A standard modality for prostate cancer detection in men 75 years and older has not been established. A simple screening method for elderly patients is needed to avoid unnecessary biopsies and to effectively diagnose prostate cancer. A retrospective study was conducted on elderly patients who had prostate biopsy at Kanazawa University Hospital (Kanazawa, Japan) between 2000 and 2017. Of the 2251 patients who underwent prostate biopsy, 254 had clinically significant prostate cancer (CSPC) with a Gleason score (GS) of≥7 and 273 had a GS of <7 or no malignancy. In this study, patients aged 75 years or older were classified as elderly patients.
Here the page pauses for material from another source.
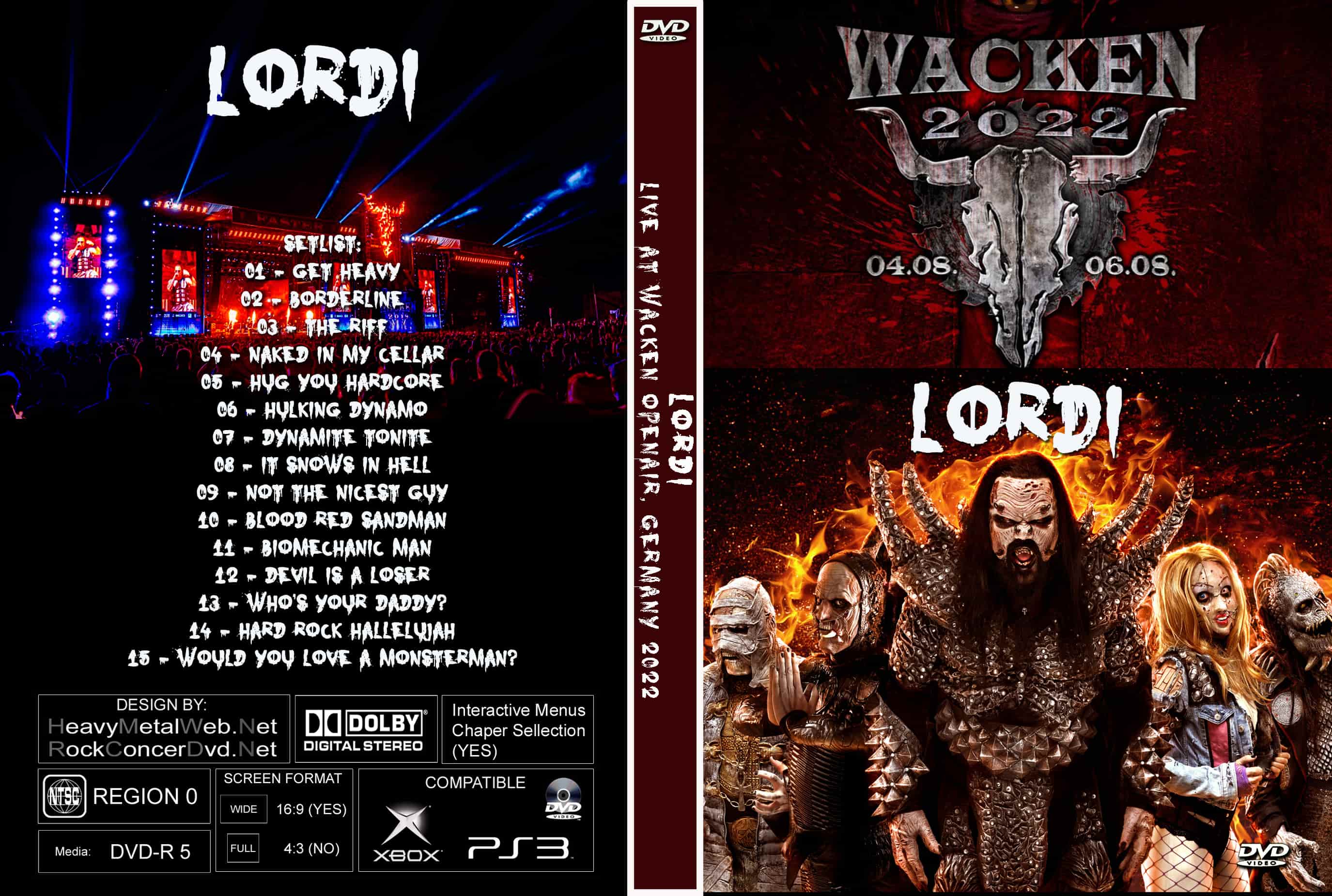 | LORDI Live Wacken Open Air, Germany 2022 DVD DVD Format: NTSC Source: Professional Shot (Multi Camera) Video Quality: Rating: 9.0 Menus: No Chapter Selection: Every 5 Min Widescreen: Yes HD: Yes Total Running Time: 75 Min. SETLIST: 01 - Get Heavy 02 - Borderline 03 - The Riff 04 - Naked in My Cellar 05 - Hug You Hardcore 06 - Hulking Dynamo 07 - Dynamite Tonite 08 - It Snows in Hell 09 - Not the Nicest Guy 10 - Blood Red Sandman 11 - Biomechanic Man 12 - Devil Is a Loser 13 - Who's Your Daddy? 14 - Hard Rock Hallelujah 15 - Would You Love a Monsterman? |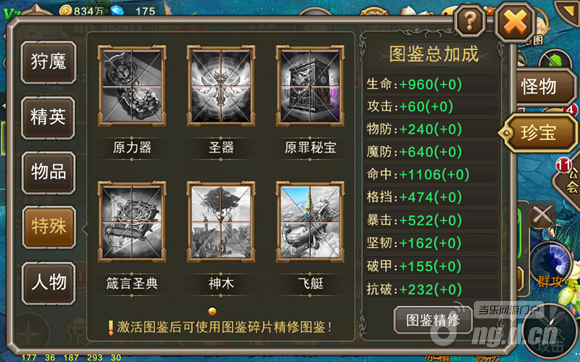 图鉴主要有两种游戏玩法,一种是地图中放置挂机杀怪,总计到一定数量激话该怪物图鉴,得到属性;另一种是参加各种各样得到,得到图鉴残片,集满图鉴八个不一样位置的残片就可以激话图鉴得到属性。

GS ≥ 7 was characterized by a prostate-specific antigen (PSA) of the maximum area under the curve of 12 ng ml with a sensitivity of 76.2% and a specificity of 73.2%. For PSA levels between 4 ng ml and 12 ng ml, based on the maximum area under the curve, patients with three or four of the following factors may present a GS of ≥ 7: percent free PSA >24, PSA density≥ 0.24 ng ml, positive findings on digital rectal examination, and transrectal with 90.0% sensitivity and 67.4% specificity. In this study, we found that raising the PSA cutoff to 12 ng ml for CSPC in elderly individuals can significantly reduce unnecessary prostate biopsies. Furthermore, CSPC could be efficiently discovered by combining the four supplementary markers in patients with a PSA level of 4-12 ng ml. By performing this screening for elderly men over 75 years of age, unnecessary biopsies may be reduced and CSPC may be detected efficiently.

摘要

对于 75 岁及以上男性前列腺癌的检测,尚未建立标准模式。需要一种简单的筛查方法来对老年患者进行检查,以避免不必要的活检并有效诊断前列腺癌。对 2000 年至 2017 年期间在金泽大学医院(日本金泽)进行前列腺活检的老年患者进行了回顾性研究。在接受前列腺活检的 2251 名患者中,254 名患有临床显著前列腺癌(CSPC),Gleason 评分(GS)≥7,273 名 GS<7 或无恶性肿瘤。在本研究中,年龄≥75 岁的患者被归类为老年患者。GS≥7 的特征是最大曲线下面积 PSA 为 12ng/ml,灵敏度为 76.2%,特异性为 73.2%。对于 PSA 水平在 4ng/ml 至 12ng/ml 之间,根据最大曲线下面积,如果患者存在以下四个因素中的三个或四个,则可能出现 GS≥7:游离 PSA 百分比>24%,PSA 密度≥0.24ng/ml,直肠指诊阳性发现,和经直肠超声检查,其灵敏度为 90.0%,特异性为 67.4%。在本研究中,我们发现将 CSPC 的 PSA 截止值提高到 12ng/ml 可显著减少不必要的前列腺活检。此外,在 PSA 水平为 4-12ng/ml 的患者中结合四项补充标志物,可以有效地发现 CSPC。对 75 岁以上的老年男性进行这种筛查,可以减少不必要的活检,并有效地发现 CSPC。